Loreti pondera o fato de a lei ater-se ao conteúdo dos meios, não à tecnologia utilizada para que possam chegar ao público. Ele destaca ainda os mecanismos de controle e participação social estabelecidos, tais como audiências públicas; criação da Defensoria do Público; medidas para tornar os conteúdos acessíveis às pessoas com deficiência; proteção para crianças e adolescentes; definição dos direitos do público e, inclusive, dos sentidos e funções do sistema público de comunicação. Tudo isso foi fruto de “um empoderamento concreto dos direitos de quem assiste cotidianamente as telas ou o rádio”, defende Loreti, que pontua o processo amplo de consulta popular ao qual foi submetido o projeto de lei.

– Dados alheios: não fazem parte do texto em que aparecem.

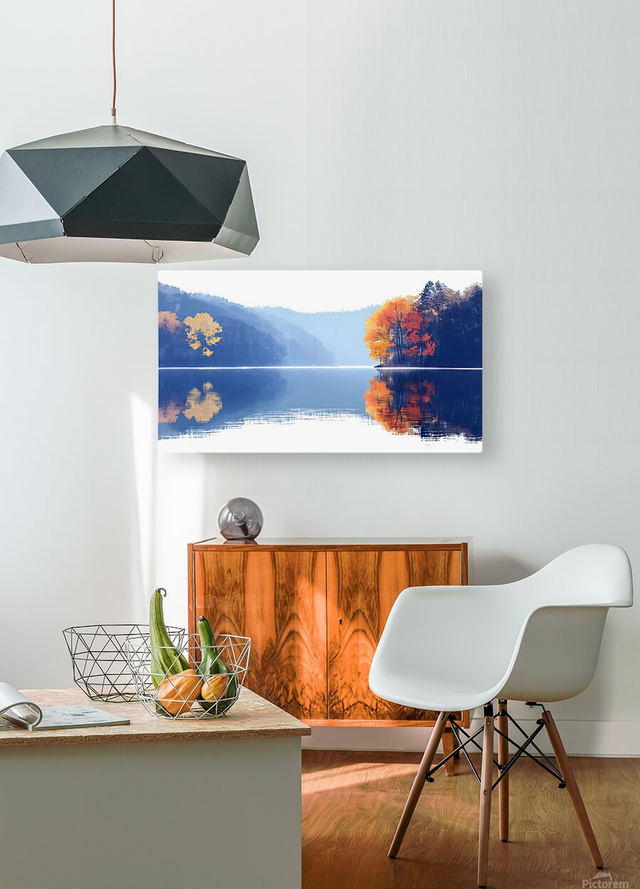 ABOUT THIS ARTWORK: BLUE HAZE – MISTY LAKE REFLECTION PRINT

Além de basear-se nas propostas apresentadas pela citada coalizão, frente que reuniu centenas de personalidades e organizações políticas, dentre as quais centrais sindicais, universidades, sindicatos e movimentos sociais, o projeto de lei incorporou mais de cento e sessenta propostas apresentadas em audiências públicas e que estão apontadas no texto – que cita, inclusive, os nomes de seus propositores.
A consistência da lei e sua contribuição para a garantia de direitos são reconhecidas por entidades internacionais. Em entrevista recente, o Relator Especial para a Liberdade de Expressão das Nações Unidas, Frank La Rue, afirmou que “a Argentina está assentando um precedente muito importante. Não só no conteúdo da lei, porque o projeto original que vi é o mais avançado que existe no mundo em lei de telecomunicações, mas também no procedimento que se seguiu, o processo de consulta popular. Parece-me que esta é uma lei realmente consultada com seu povo”. Já a ONG Repórteres Sem Fronteiras emitiu nota em apoio à “Ley de Medios”, na qual destacou ser a proposta um exemplo para a garantia da liberdade de notícias e informações.
Agora, a sociedade argentina aguarda nova manifestação da Suprema Corte, que já foi provocada pelo governo do país. Para pressioná-la, movimentos sociais e defensores da proposta foram à Praça de Maio no domingo, 09. O ato, convocado pelo governo para comemorar o aniversário da recuperação da democracia e o Dia Internacional dos Direitos Humanos, contou com milhares de pessoas, muitas das quais produtoras de comunicação e cultura. Entre microfones, lentes, percussões e vozes, um sentimento: é necessário mudar a comunicação para consolidar a democracia e garantir que o enfrentamento ao monopólio possa dar lugar à diversidade de vozes e de culturas que existem no país.